(Data extracted from a collection)
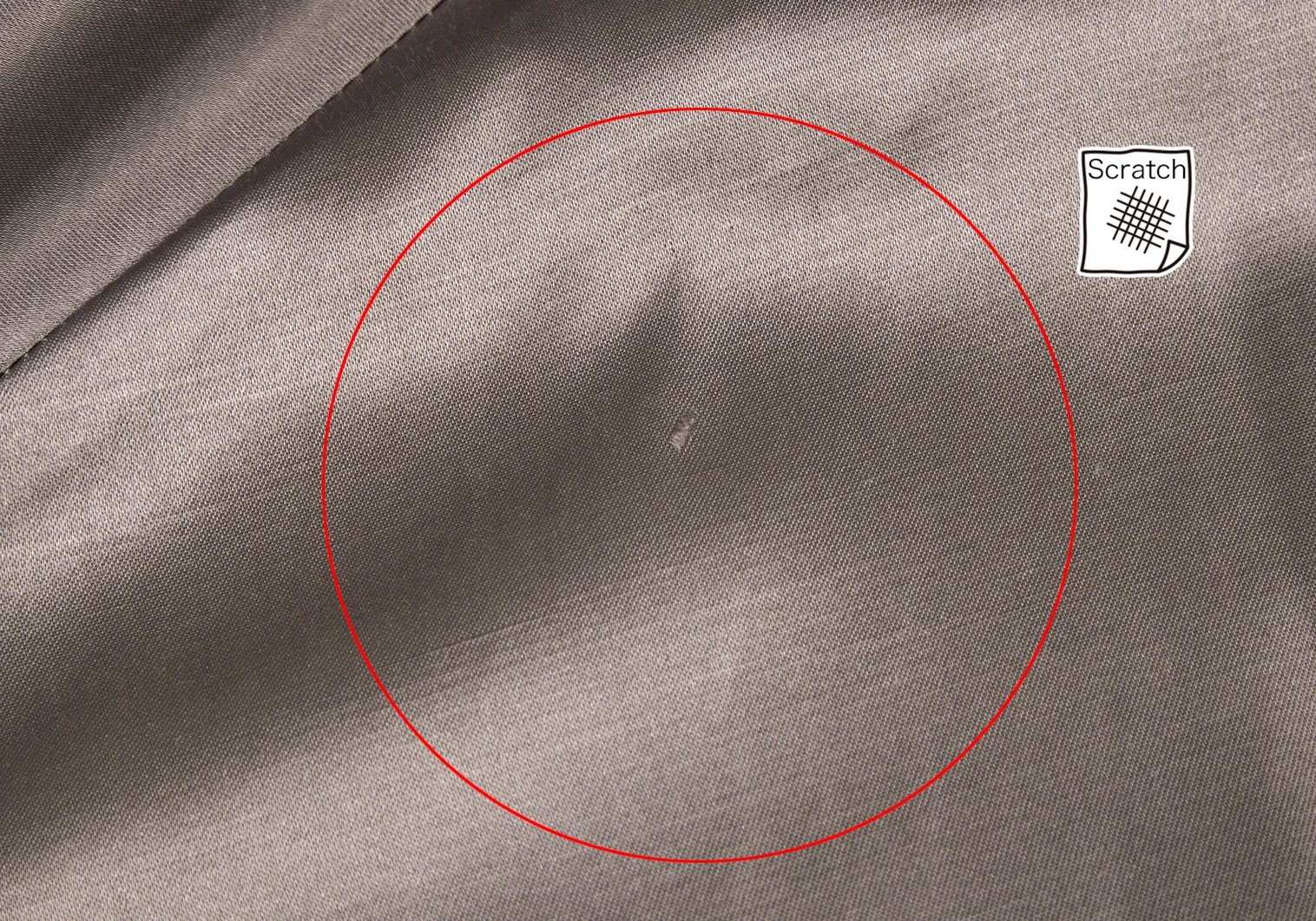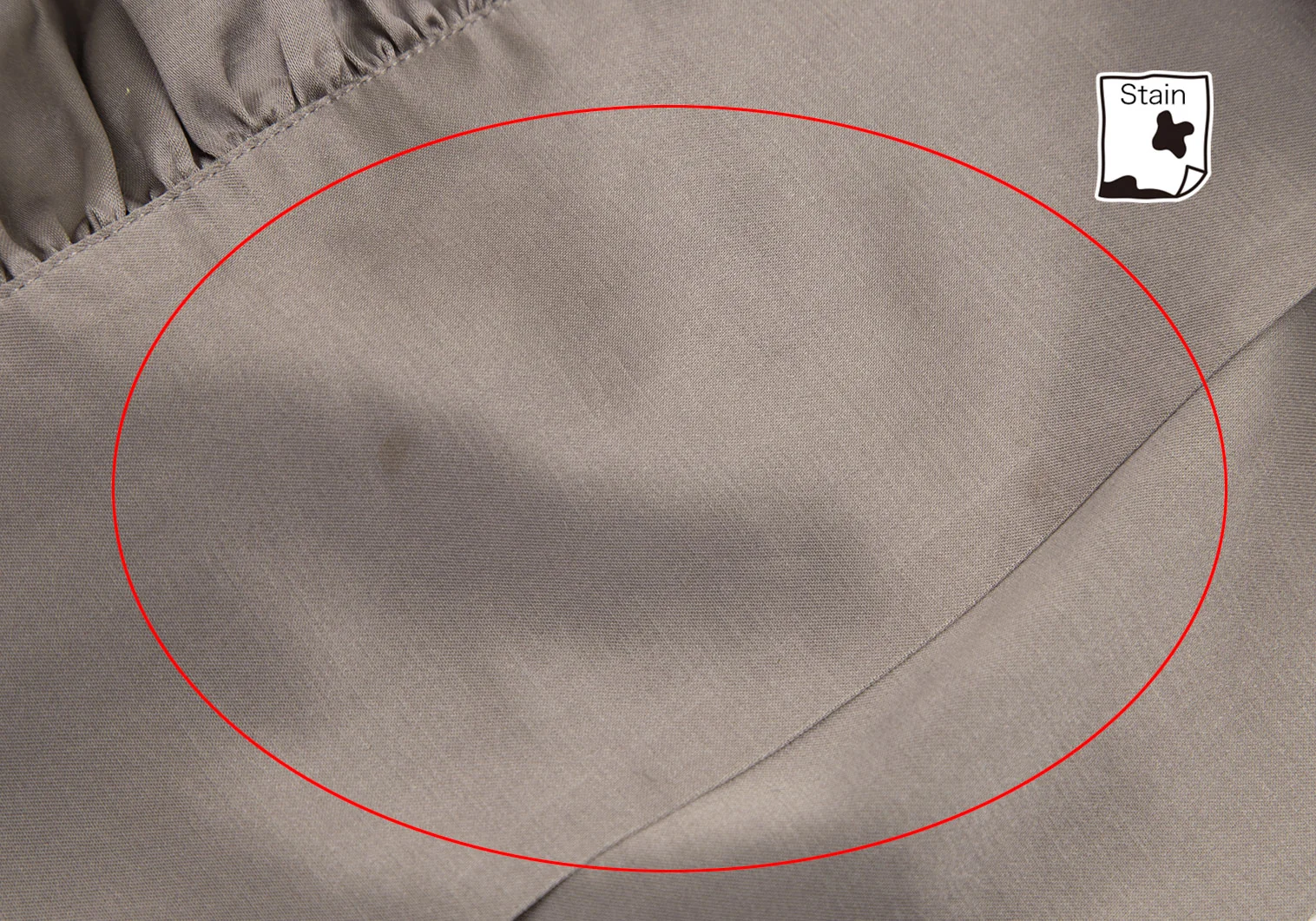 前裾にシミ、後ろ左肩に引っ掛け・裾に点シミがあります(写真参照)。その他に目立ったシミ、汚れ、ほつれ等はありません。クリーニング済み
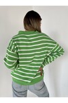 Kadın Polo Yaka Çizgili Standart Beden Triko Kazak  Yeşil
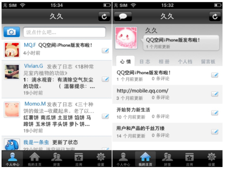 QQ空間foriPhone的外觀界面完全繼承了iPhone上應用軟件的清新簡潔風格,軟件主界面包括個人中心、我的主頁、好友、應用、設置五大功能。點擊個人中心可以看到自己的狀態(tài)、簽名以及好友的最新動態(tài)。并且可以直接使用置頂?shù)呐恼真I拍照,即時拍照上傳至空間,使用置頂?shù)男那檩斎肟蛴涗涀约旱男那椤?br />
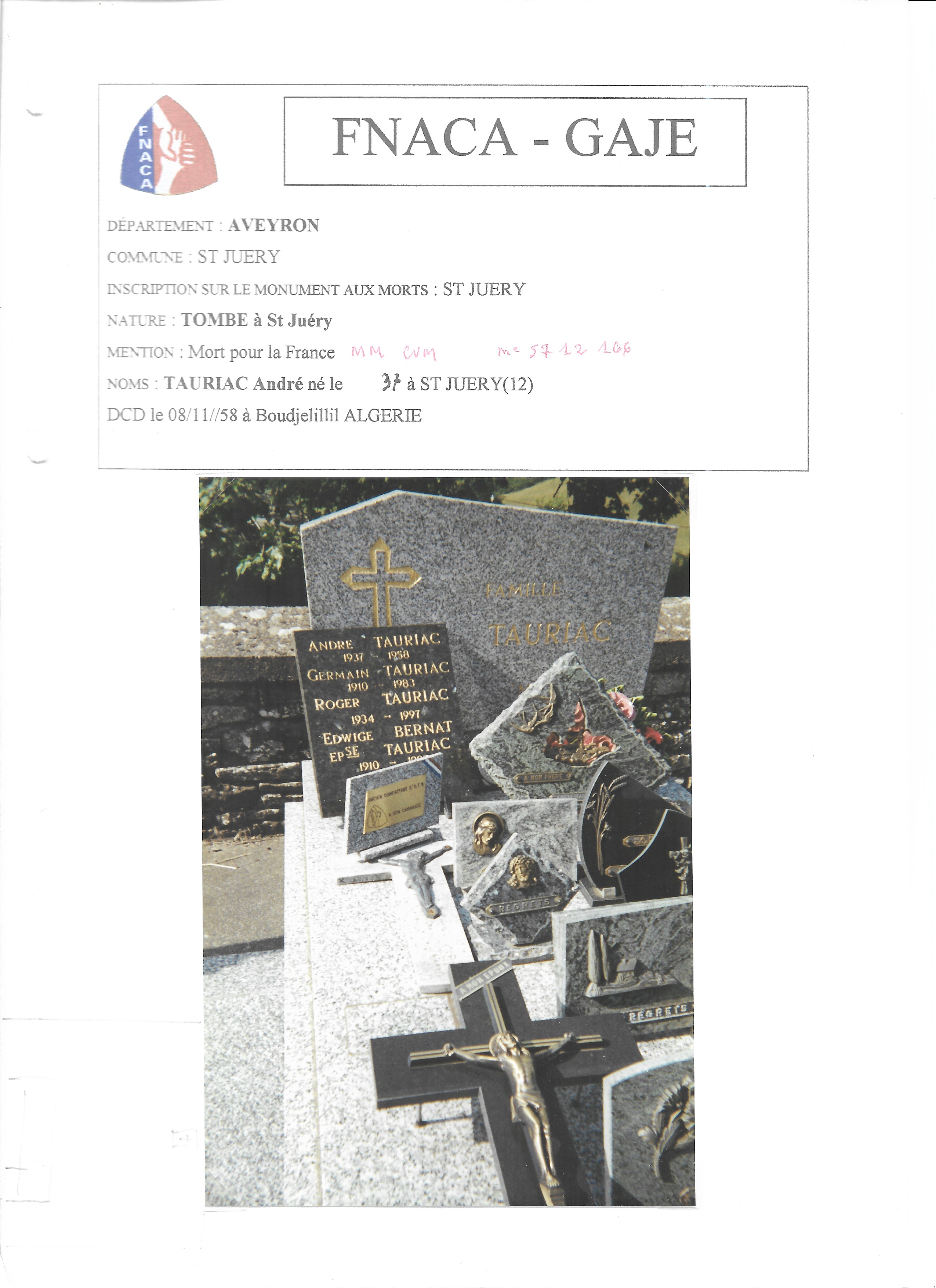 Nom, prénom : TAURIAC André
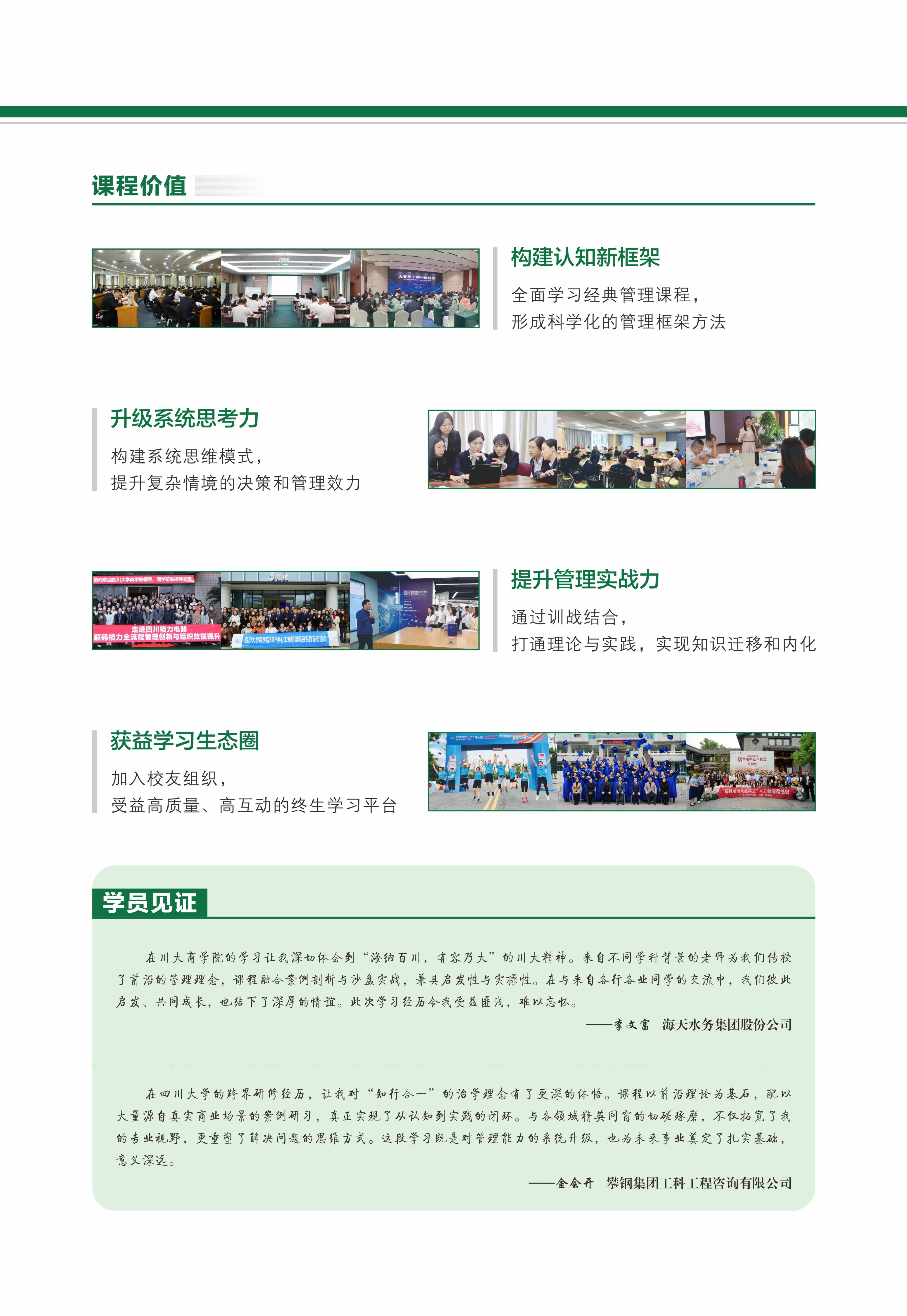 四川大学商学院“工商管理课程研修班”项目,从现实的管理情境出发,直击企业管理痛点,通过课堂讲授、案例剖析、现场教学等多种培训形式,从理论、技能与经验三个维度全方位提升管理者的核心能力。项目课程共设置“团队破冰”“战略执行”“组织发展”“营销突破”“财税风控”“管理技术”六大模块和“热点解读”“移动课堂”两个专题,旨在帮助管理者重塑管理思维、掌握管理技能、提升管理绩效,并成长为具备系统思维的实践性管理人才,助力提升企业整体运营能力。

§ Brief
The records above should be retyped in full and exactly; omit the pictures.

§ Your response
 前裾にシミ、後ろ左肩に引っ掛け・裾に点シミがあります(写真参照)。その他に目立ったシミ、汚れ、ほつれ等はありません。クリーニング済み
 Kadın Polo Yaka Çizgili Standart Beden Triko Kazak  Yeşil
 QQ空間foriPhone的外觀界面完全繼承了iPhone上應用軟件的清新簡潔風格,軟件主界面包括個人中心、我的主頁、好友、應用、設置五大功能。點擊個人中心可以看到自己的狀態(tài)、簽名以及好友的最新動態(tài)。并且可以直接使用置頂?shù)呐恼真I拍照,即時拍照上傳至空間,使用置頂?shù)男那檩斎肟蛴涗涀约旱男那椤?br />
 Nom, prénom : TAURIAC André
 四川大学商学院“工商管理课程研修班”项目,从现实的管理情境出发,直击企业管理痛点,通过课堂讲授、案例剖析、现场教学等多种培训形式,从理论、技能与经验三个维度全方位提升管理者的核心能力。项目课程共设置“团队破冰”“战略执行”“组织发展”“营销突破”“财税风控”“管理技术”六大模块和“热点解读”“移动课堂”两个专题,旨在帮助管理者重塑管理思维、掌握管理技能、提升管理绩效,并成长为具备系统思维的实践性管理人才,助力提升企业整体运营能力。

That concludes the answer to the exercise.